◆ REQUIRED ACTION ◆
Look in the data below for the line that has "濟南北方金鋒鋸業有限公司,是", then print exactly every line from there through the line that has "За доской два", leaving pictures out.

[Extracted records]
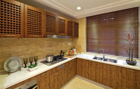 東南亞風(fēng)格廚房設(shè)計運用的石材、原木定制品較為普遍,色調(diào)多為棕色、深木色這類的帶自然感覺的顏色,給人以沉穩(wěn)、原始、自然的感覺。利用細(xì)節(jié)與色彩點綴其中的的巧妙手法,使之跳出了普通設(shè)計,使得熱帶的東南亞自然風(fēng)情更顯濃郁。
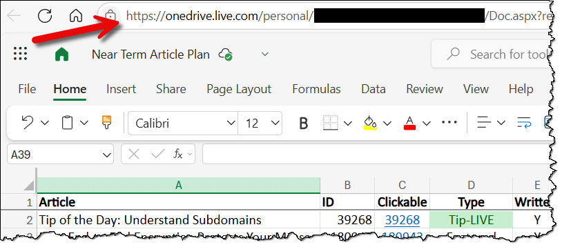 Rather than mess around3, I moved the spreadsheet back to OneDrive. However, rather than accessing the file on my PC, we access it online only, using the free online version of Excel.
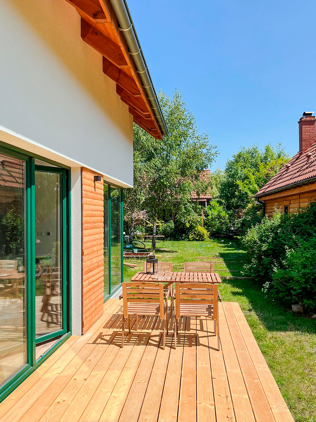Haus: Komfortable Reihenhäuser mit geschmackvoller Einrichtung. In der weitläufigen Anlage: Separates Saunahäuschen mit Relax-Terrasse. Angelteich. Grillplatz. Waschmaschine. Großer Garten mit Kinderspielplatz (Schaukel, Rutsche, Sandkasten). 5 Fahrräder ausleihbar. Parkplatz auf dem umzäunten Grundstück.
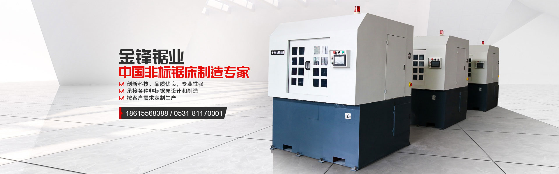 濟南北方金鋒鋸業有限公司,是鋸床生產廠家。2003年建廠,具有多年生產金屬帶鋸床的經驗,擁有自主的開發、設計和制造能力,生產的金鋒系列臥、立式金屬帶鋸床,性能穩定,暢銷國內外。
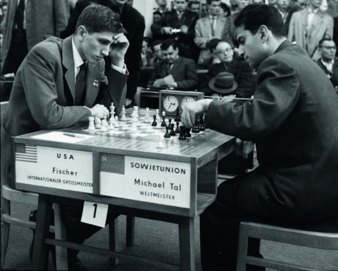 За доской два чемпиона мира, две легенды — Бобби Фишер и Михаил Таль. Олимпиада в Лейпциге, 1960 г. Фото: Creative Commons/Bundesarchiv
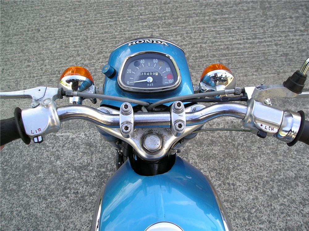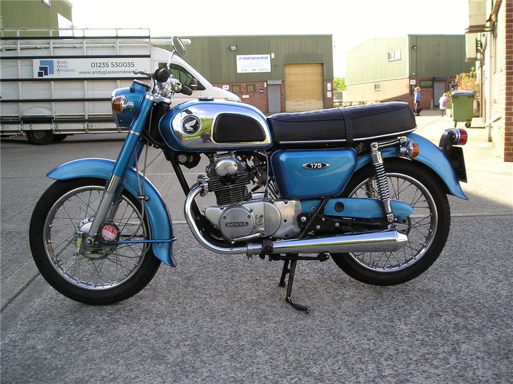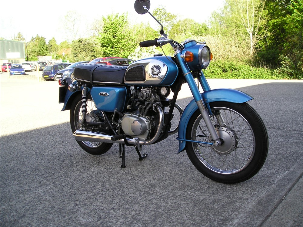 This is a sound little CD175 that starts and runs well,and which went fine on test. It's not a showpiece,but is an attractive and usable bike that benefits from electronic ignition,new tyres,recent oil change etc. It has aftermarket silencers fitted which I have to say give it quite a beefy exhaust note that you would expect from a bigger bike! Mudguards are solid,paintwork is generally good with a couple of touched up areas,and seat has been recovered at some point,but overall it's a decent,sound example than could be left alone and enjoyed as is,or taken to the next level without too much effort.Comes with a few spares including lower chain guard and original airbox as it's currently running on a K&N filter.

◆ TASK SOLUTION ◆
 濟南北方金鋒鋸業有限公司,是鋸床生產廠家。2003年建廠,具有多年生產金屬帶鋸床的經驗,擁有自主的開發、設計和制造能力,生產的金鋒系列臥、立式金屬帶鋸床,性能穩定,暢銷國內外。
 За доской два чемпиона мира, две легенды — Бобби Фишер и Михаил Таль. Олимпиада в Лейпциге, 1960 г. Фото: Creative Commons/Bundesarchiv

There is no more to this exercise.